For good measure configure the windows box and then capture an image. If something gets messed up to any degree just pop on that fresh image and boom, rolling again with no hassles.

Use dropbox to store important documents. So if you have to re-image your documents repopulate automagically. I also use google bookmarks and lastpass.

Comment Re:Umm (Score 1) 510

It was my understanding that for traditional drives in a RAID you don't want to get all the same type of drive all made around the same time since they will fail around the same time too. Same would apply to SSDs.

Excellent idea, for "serious mission critical" applications it would be good to source drives for a RAID array from different channels. Maybe same model/mfg but different vendors...

Otherwise you know they're coming from the same case of drives which came off the same assembly line in a row and had the same guy sneeze on all of them.

It's a nice theory anyway, but do people actually bother to do that?

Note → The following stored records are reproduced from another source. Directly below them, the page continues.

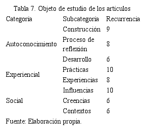 El resultado de lo que se ha investigado en las publicaciones a partir de un análisis documental responde a la pregunta: ¿cómo se aborda la identidad docente en los artículos revisados? Para identificar el objeto de investigación se utilizó el análisis de contenido, método de investigación en el que Según Hernández Sampieri (2006, p. 357) “se efectúa por medio de la codificación, es decir, el proceso en virtud del cual las características relevantes del contenido de un mensaje se transforman a unidades que permiten su descripción y análisis preciso”, categorías y subcategorías que se descubrieron a partir del análisis de los artículos.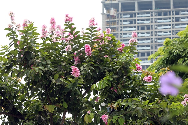 Dưới cái nắng nóng của mùa hè, những bông hoa bằng lăng hồng vẫn vươn mình khoe sắc.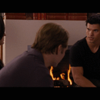 Jacob smiled at Eliza when she greeted him, nodding to her, "Hi Kitten." He remained silent while his dad finished up talking to Eliza, Jake was sure he would hear about this plenty when she returned to her house. When she scooted past him and his dad, Jacob looked back when she shut the door to his bedroom loudly and then looked back to his dad who's expression was completely unreadable. From what Jake could tell, Billy was in deep thought, but that was about all that was readable. It was hard to tell whether the man was angry, upset, or simply emotionless. After a moment of tense silence, Billy wheeled his chair to the living room and settled into his corner of the room. A heartbeat after Eliza emerged from Jacob's bedroom now sporting a pair of his sweatpants that were much to big for her. Jacob smiled at her and was surprised when she pushed him on the couch, saying that his hair was a complete mess. "You should see your hair," he replied and snorted lightly.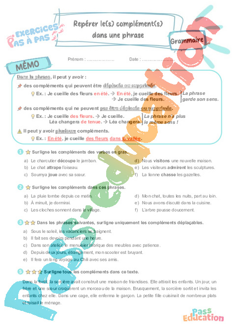 Repérer le(s) complément(s) dans une phrase : 3eme Primaire – Mémo + Exercices Pas à Pas pdf
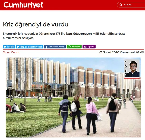 Yalan haberlerin adresi Cumhuriyet'in bir haberi daha elinde patladı. Bugün "Kriz öğrenciyi de vurdu" başlıklı bir haber yayınlayan Cumhuriyet'in mumu yatsıya kadar bile yanmadı.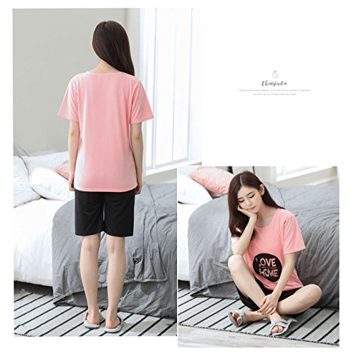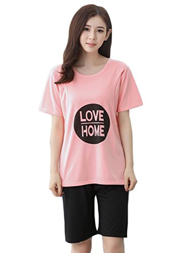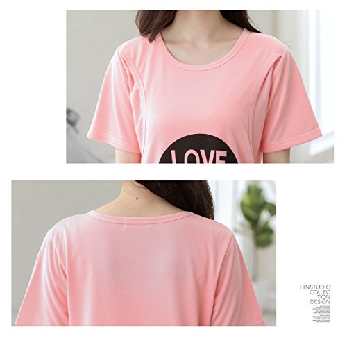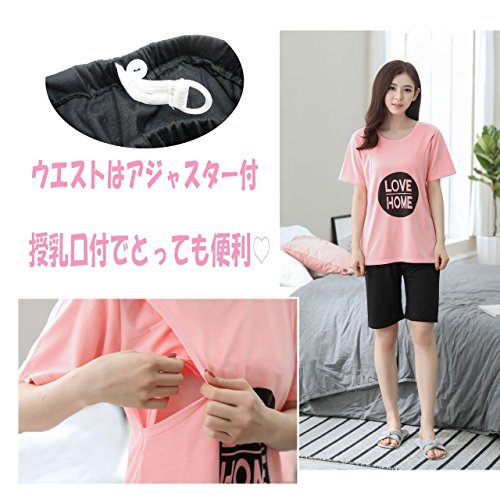 【MIKA&MAYA】 マタニティ 授乳口 パジャマ 半袖 上下セット ルームウェア レディース (L, ピンク)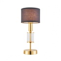 Настольная лампа декоративная стиля модерн для гостиной, кабинета или спальни имеет размеры 140x330 мм. Арматура светильника окрашена в золотой цвет. Лампы в комплекте - отсутствуют. В светильнике применяются лампы накаливания или светодиодная LED-лампа. Цвет плафонов - черный, неокрашенный, с матовой, прозрачной поверхностью. Материал плафонов - текстиль, стекло. Класс электробезопасности - II, степень пылевлагозащиты (IP) - 20. Максимальная мощность лампы (Вт) - 40. Светильник размещается на столе.

How often do simultaneous failures REALLY happen nowdays?

Maybe for SSDs which are more of a literal "black box" scenario things would be more predictable than with mechanical HDs.

Comment Instantaneous and Unlimited Distanc Communications (Score 1) 309

The next big thing will obviously be Quantum communications.

Instantaneous signalling, unlimited distance, perfect "reception" at all times, inherently secure.

Of course, I would presume our military already has it, (lag would suck for the drone pilot, hmmm?) but hey, I'm talking about something I could get in my future cell phone.